= Munson Steed =

American newspaper publisher and CEO

Munson Steed is an American media executive, publisher, and entrepreneur. He is the founder and CEO of Steed Media Group, a multimedia company based in Atlanta, Georgia. Steed Media's flagship publication is Rolling Out, a free weekly urban lifestyle and entertainment magazine that primarily targets African American audiences. The publication is distributed in over 19 cities across the United States and maintains a significant online presence. Rolling Out has been recognized as one of the largest Black-owned urban lifestyle publications in the United States.

== Career ==
Steed is a graduate of Morehouse College in Atlanta, Georgia, where he earned a bachelor's degree in political science.

In 2010, Steed was appointed Director of the Madison Avenue Initiative (MAI), a program of the National Action Network that focuses on promoting fairness in advertising and improving representation of minority-owned media outlets.

Over the years, Steed has led Steed Media Group in expanding its operations from traditional print journalism to include digital media, branded content, video production, and event platforms.

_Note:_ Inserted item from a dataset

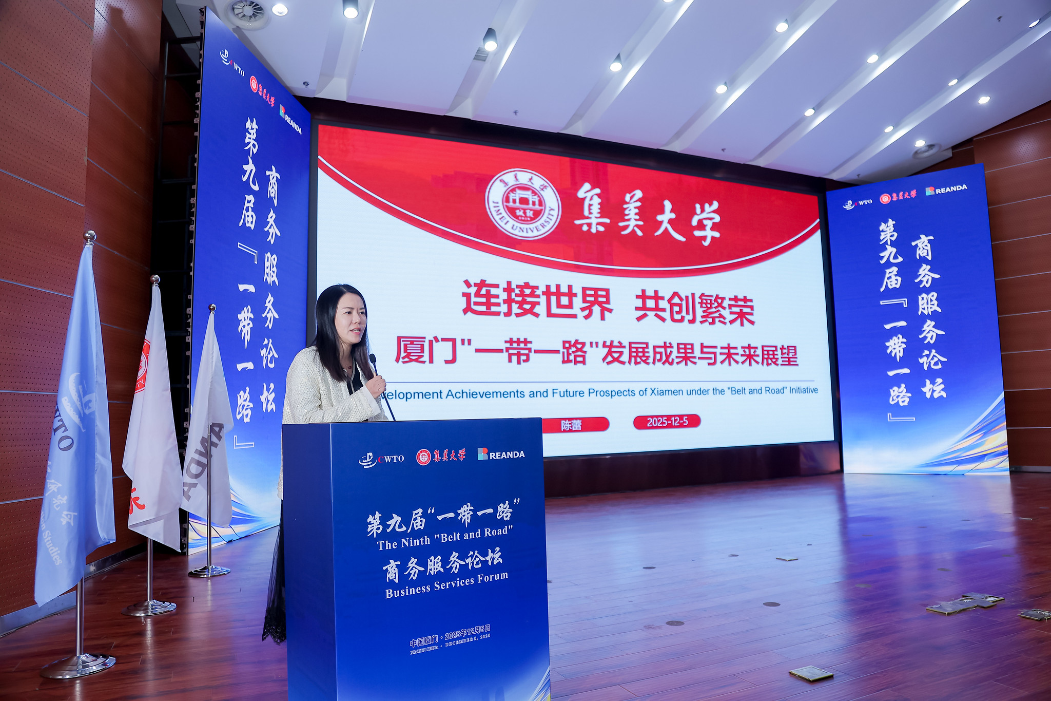 2025年12月5日,第九届“一带一路”商务服务论坛在厦门集美大学尚大楼105报告厅隆重举行。本届论坛由利安达国际、中国世界贸易组织研究会和集美大学联合主办,以“高水平商务服务护航‘一带一路’高质量发展”为主题,汇聚了来自全球服务贸易联盟、政府部门、专业机构、高校及企业的近500位代表。

In 2021, Steed partnered with BlackBookStore.com and Penguin Random House for the #AmplifyBlackStories initiative, designed to increase the visibility of Black authors and literature.

== Children’s media ==
Steed is the creator of the Little Professor Skye children's book series, a collection focused on early childhood education and positive representation of Black children. The books were featured at the African-American Family Book Expo and helped launch Playful Genius, a brand that includes toys, stickers, and culturally relevant media for children.

== Music and events ==
In 2023, Steed collaborated with Grammy Award–winning gospel singer Koryn Hawthorne on the song Look At God, which peaked at number three on the Billboard Gospel charts.

In 2024, he hosted the first Black Artificial Intelligence Conference, which brought together tech leaders, celebrities, and innovators at Morehouse College to highlight Black representation in the AI industry.

In 2025, Steed moderated a discussion with actor Greg Tarzan Davis and the cast of Mission: Impossible – The Final Reckoning during a Rolling Out screening and community event.